# What should I feed to my redbellies?



## Kolbenschlag (Feb 3, 2003)

I only have 3 rbp's so I'm not trying to contend with MAD, but I'm bored of beefheart and I hardly ever get to catch them eat feeders. So my question is what is the best fish to feed them where i could sit there and watch it? What would they attack fairly quickly? I was thinking of a beta, but if there are some better suggestions, im open. Oh by the way, my p's are like 6inches (almost).

Andrew


----------



## Nethius (Feb 23, 2003)

well, for non live food, my p's love salmon

i think piranha really like catfish too, but haven't tried it yet...


----------



## SnowCichlid. (Jan 10, 2003)

chuck in some Shrimp. like shrimp pellets, My P if hiding will come out and eat for me even if its taking a nap, :smile:


----------



## Wolfman (Mar 5, 2003)

When I owned piranha, they would love to eat on channel cats. I was able to purchase them for around 20 cents a piece at a hatchery.


----------



## Judazzz (Jan 13, 2003)

For non-live food, try slad shrimps or smelt: my reds love it.
For live fish: try minnows, or one of those long-finned balloon-like inbred goldfish (I frickin' hate those damn ugly critters







)


----------



## Kolbenschlag (Feb 3, 2003)

Yes i am talking LIVE! Who cares about non-live food! Im kidding, i usually feed beefheart, krill, shrimp, etc. But my brother's coming home and I wanted to show him the fury... haha


----------



## Croz (Jan 29, 2003)

mine like baby convicts, convicts are aggresive too so they fight back no damage to the p's but just enough to piss them off.


----------



## Kolbenschlag (Feb 3, 2003)

Tried to feed them a beta fish, but they didn't touch him yet. The damn thing stays at the very top of the tank and barely moves. Im disappointed big time on this one. Gonna get some regular old feeders tomorrow.


----------



## Croz (Jan 29, 2003)

well they will eat it eventualy. stupid betas swiming around like they are all that oh man i am gonna get one of those next time i am at my lfs and its gonna regret having those big stupid fins.


----------



## SnowCichlid. (Jan 10, 2003)

Crozy said:


> well they will eat it eventualy. stupid betas swiming around like they are all that oh man i am gonna get one of those next time i am at my lfs and its gonna regret having those big stupid fins.
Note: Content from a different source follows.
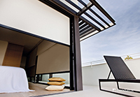 Résistance aux vents maximale et opacité totale. Les stores enrouleurs Z-Box sont équipés d’un système ultra résistant pour l'extérieur. Ils disposent de guides latéraux “zip” qui permettent de tendre parfaitement le tissu et de garantir une résistance aux vents jusqu’à 90 km/h . Il s'agit du seul système 100 % opaque grâce au guidage à glissière associé aux tissus occultants. |

 yeah but there is no fun in them, they are amongst the slowest swimmers in the waters. And not too bright when it comes to dealing with predators of other species... try giving them more of a challenge :smile:


----------



## Mr. Hannibal (Feb 21, 2003)

Try Danio Zebras since they are fast P´s should run to eat and keep alive!

It´s quite a show!


----------



## sccavee (Feb 11, 2003)

I usually just look around the LFS and see what's on sale







You can sometime find pretty good deals on healthy fish that will give your P's a good work out.


----------



## Kolbenschlag (Feb 3, 2003)

Oh well, I was playing baseball today cause its so nice out, and when I came home the beta was gone. Im glad to see that the f*cker's dead, but I wish I couldve seen it happen


----------